Monday, September 25, 2006

More About Santa Claus

He's been coming up a lot lately, Santa has.

One of our Wanderers isn't welcome in his daughter's home, or something like that, because he tries to disabuse his grandkids of any Santa Claus nonsense. He has that wound up with religion, and how "all twelve" (?) can't be simultaneously true.

Today at the Bagdad, Trevor was talking about this artist who planted live crabs with Barbie Doll ™ parts strapped on, in a place where kids lined up and asked for stuff from Santa. The point was to subvert the department store's moneymaking, "asking Santa" being management's clever gimmick for getting customers in the right mood for shopping.

This was considered a disruptive maneuver, even for an artist, but one bystander said "I'm glad someone is finally doing this."
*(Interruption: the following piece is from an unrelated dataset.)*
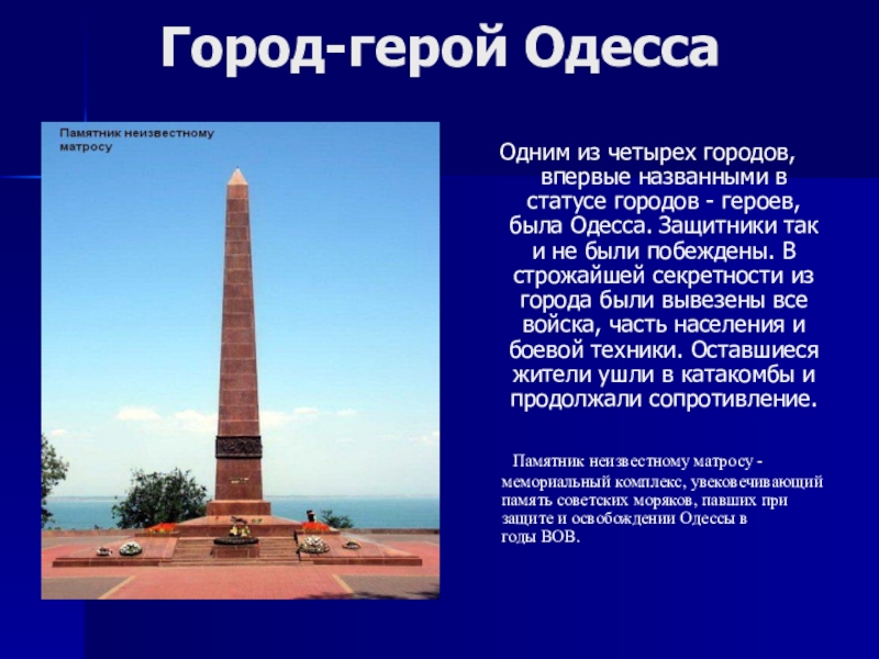 Памятник неизвестному матросу - мемориальный комплекс, увековечивающий память советских моряков, павших при защите и освобождении Одессы в годы ВОВ.

I think it's the spectacle of luring we don't like (ensnaring, baiting and switching). But the truth about Santa Claus isn't supposed to be disappointing, even when we deliver the punch line, that mom and dad love you, as do your friends and relations, and they express their love through this multi-faceted story, which says more about their love than mere physical things under a dead or dying tree could really get across.

Telling stories is not in and of itself criminal, but the life blood of a culture. This is why we hate seeing children lied to, by this target of Fuller's Obnoxico meme.

Like, I understand this guy's integrity, about Santa not being real and all that. But the rejoinder is "reality isn't the whole story around here, and never has been."

So what's so "anti-science" about this attitude? Science is for compentently managing the reality part, and we take that very seriously, don't believe in being stupid about it.

We want awake and alert scientists, want to be them ourselves, doing intelligent (and we hope mostly safe) experiments that teach us important and valuable lessons. Endlessly repeating the same mistakes is not what we signed up for.

So let there be no doubt where I'm coming from at least: I think empiricism is a valuable ism.

It doesn't follow that religion needs to get in the way of this pro-sciences agenda. On the contrary, many a religion is augmented with a set of sciences and vice versa.

Our mythical awareness doesn't have to go to war with the literal truth if it doesn't want to, i.e. the operator in U = Meta*Physical (a Fuller School teaching) is meant to be both/and inclusive, not the sign of an internal contradiction.